■ ABOUT THIS TASK
Only the lines below from the one containing "Figure 5: Alternative" through the one containing "In Canada, Rocky" belong in the answer, set down exactly, with the pictures left out.

■ INFORMATION SUPPLIED
-=-=-
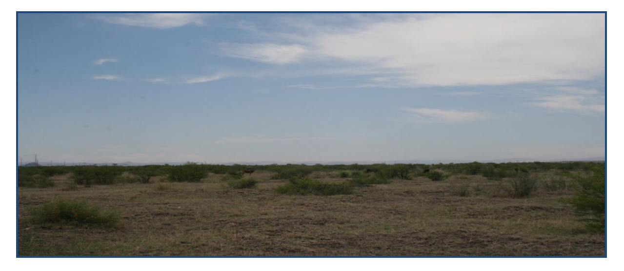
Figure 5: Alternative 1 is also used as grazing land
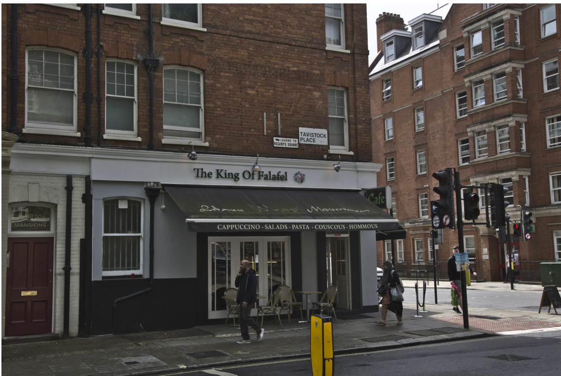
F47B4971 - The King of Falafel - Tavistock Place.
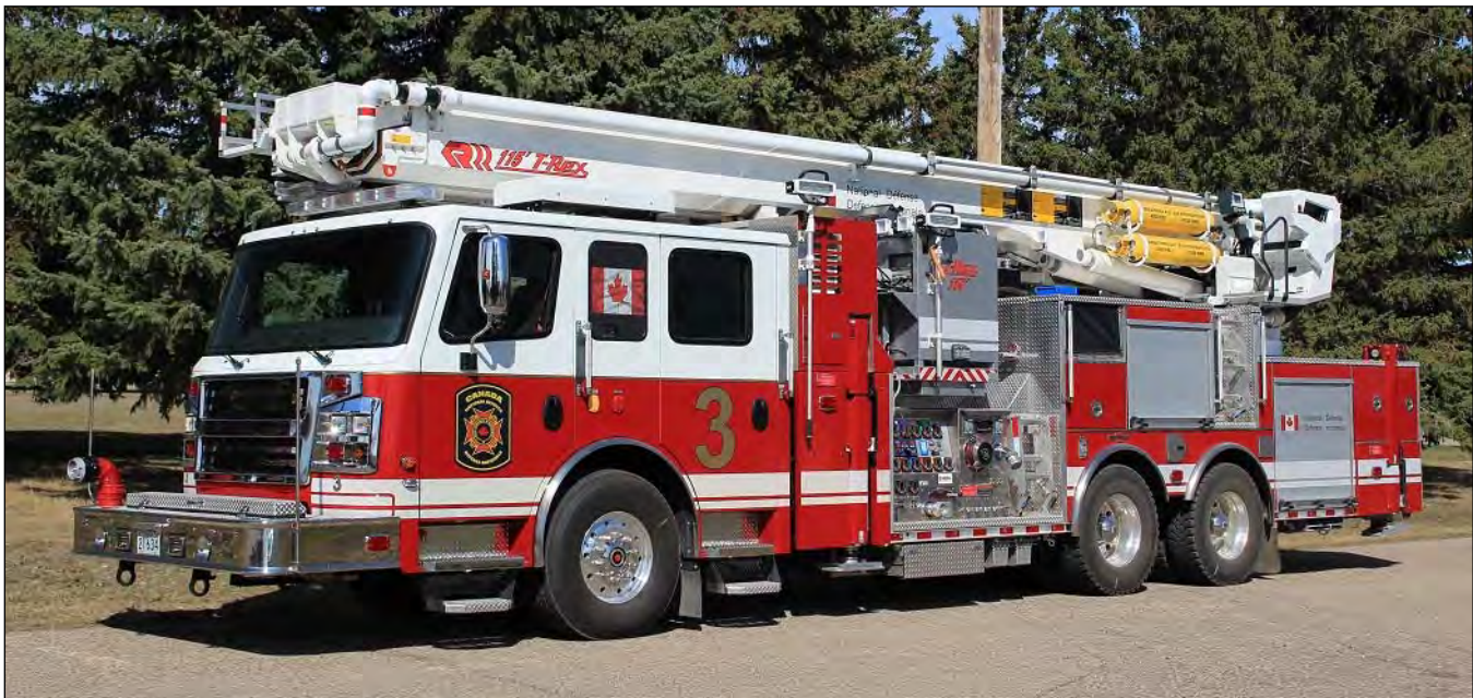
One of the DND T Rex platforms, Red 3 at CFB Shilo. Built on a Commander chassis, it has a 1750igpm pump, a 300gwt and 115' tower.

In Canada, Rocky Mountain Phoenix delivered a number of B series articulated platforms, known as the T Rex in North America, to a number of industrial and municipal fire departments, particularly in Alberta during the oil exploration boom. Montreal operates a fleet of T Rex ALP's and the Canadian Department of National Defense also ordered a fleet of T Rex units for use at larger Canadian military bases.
-=-=-
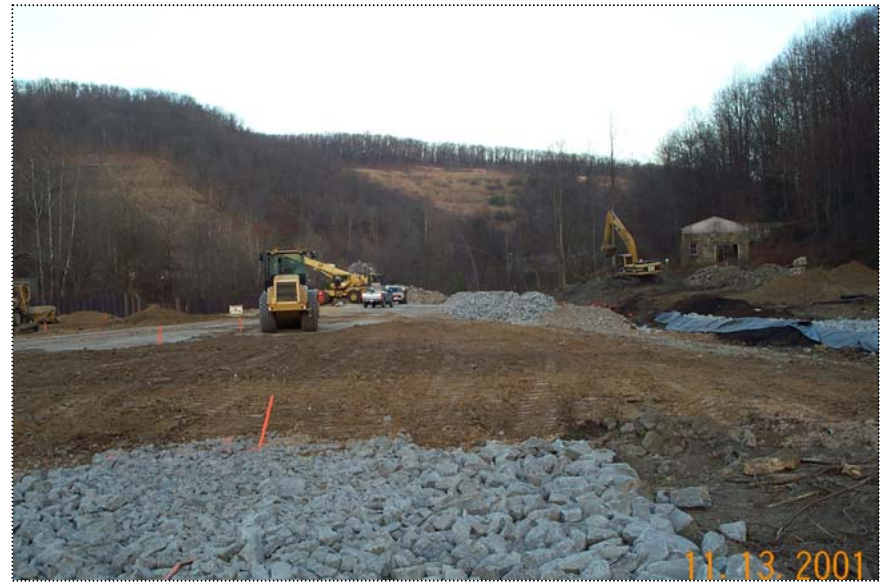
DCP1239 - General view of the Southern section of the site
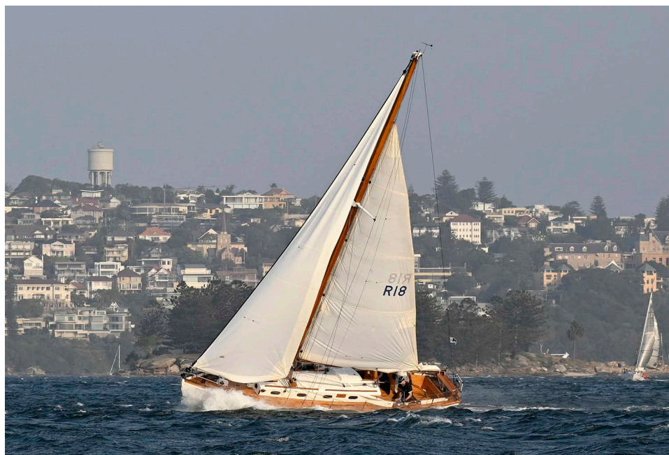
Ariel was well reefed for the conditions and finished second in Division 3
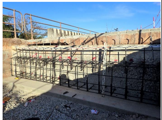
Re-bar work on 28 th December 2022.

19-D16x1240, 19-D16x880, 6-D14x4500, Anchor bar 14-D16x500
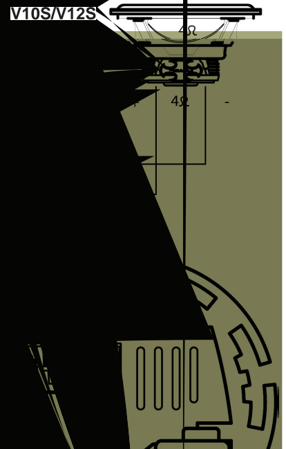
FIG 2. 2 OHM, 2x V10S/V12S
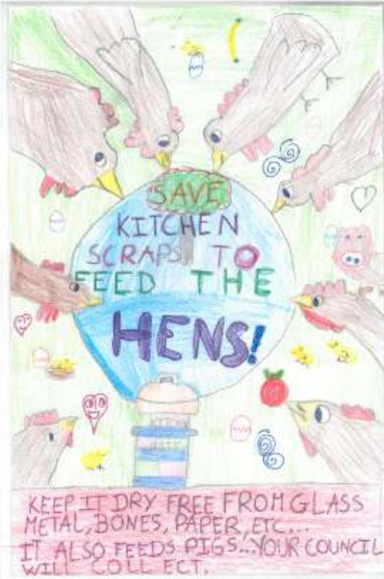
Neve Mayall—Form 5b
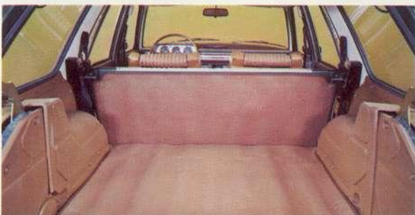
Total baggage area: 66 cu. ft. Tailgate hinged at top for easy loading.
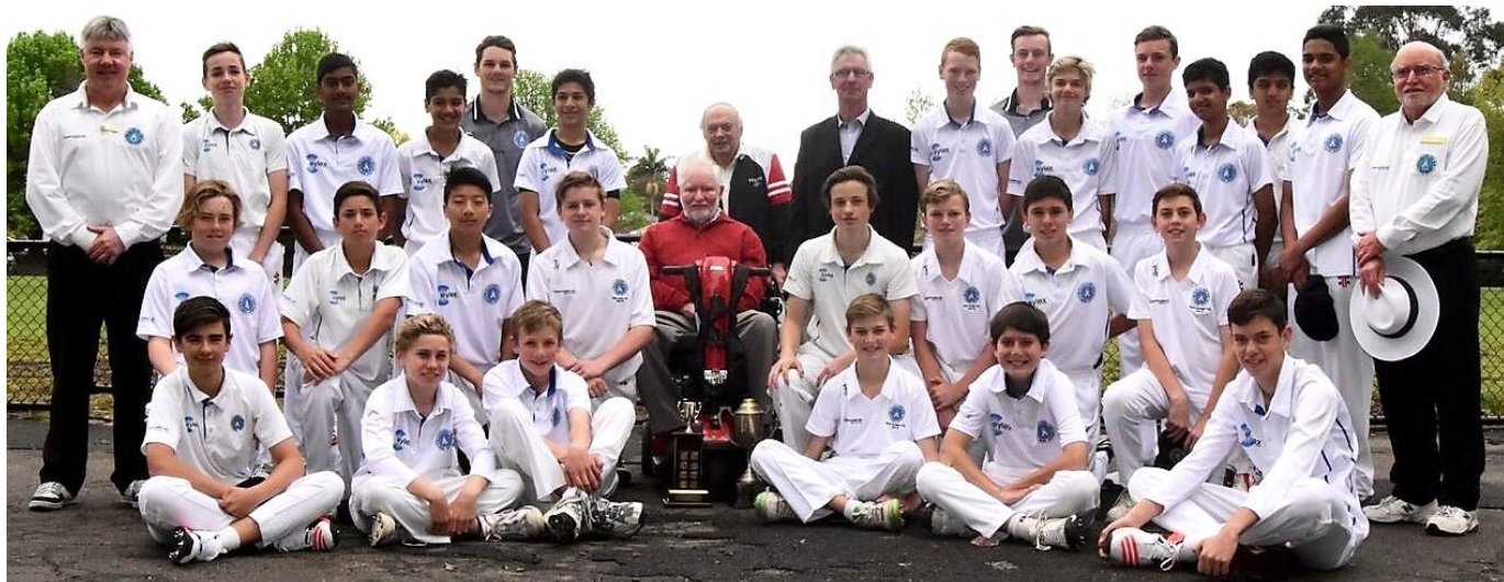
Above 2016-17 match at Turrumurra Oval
-=-=-
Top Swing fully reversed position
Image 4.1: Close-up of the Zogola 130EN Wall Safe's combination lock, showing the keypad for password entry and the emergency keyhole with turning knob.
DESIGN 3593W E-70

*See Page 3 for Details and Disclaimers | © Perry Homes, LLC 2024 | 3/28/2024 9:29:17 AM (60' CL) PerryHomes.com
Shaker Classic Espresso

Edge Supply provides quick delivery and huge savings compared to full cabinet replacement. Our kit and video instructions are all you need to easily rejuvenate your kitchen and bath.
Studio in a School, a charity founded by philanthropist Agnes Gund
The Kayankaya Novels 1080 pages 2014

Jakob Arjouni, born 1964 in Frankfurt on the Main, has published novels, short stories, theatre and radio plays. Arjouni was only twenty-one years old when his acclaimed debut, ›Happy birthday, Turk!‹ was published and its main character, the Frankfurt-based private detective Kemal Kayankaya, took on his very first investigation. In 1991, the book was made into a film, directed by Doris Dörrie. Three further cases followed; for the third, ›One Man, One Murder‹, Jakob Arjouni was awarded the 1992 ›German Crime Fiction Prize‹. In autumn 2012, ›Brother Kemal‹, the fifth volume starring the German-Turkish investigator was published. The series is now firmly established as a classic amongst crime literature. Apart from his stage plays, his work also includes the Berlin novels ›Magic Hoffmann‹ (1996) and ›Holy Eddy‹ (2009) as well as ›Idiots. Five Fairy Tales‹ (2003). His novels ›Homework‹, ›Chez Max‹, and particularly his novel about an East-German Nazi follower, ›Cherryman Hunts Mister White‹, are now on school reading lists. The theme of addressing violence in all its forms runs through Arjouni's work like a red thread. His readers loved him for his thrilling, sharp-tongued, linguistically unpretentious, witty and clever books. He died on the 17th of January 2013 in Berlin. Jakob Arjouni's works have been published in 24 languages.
-=-=-
■ COMPLETED TASK
Figure 5: Alternative 1 is also used as grazing land
F47B4971 - The King of Falafel - Tavistock Place.
One of the DND T Rex platforms, Red 3 at CFB Shilo. Built on a Commander chassis, it has a 1750igpm pump, a 300gwt and 115' tower.

In Canada, Rocky Mountain Phoenix delivered a number of B series articulated platforms, known as the T Rex in North America, to a number of industrial and municipal fire departments, particularly in Alberta during the oil exploration boom. Montreal operates a fleet of T Rex ALP's and the Canadian Department of National Defense also ordered a fleet of T Rex units for use at larger Canadian military bases.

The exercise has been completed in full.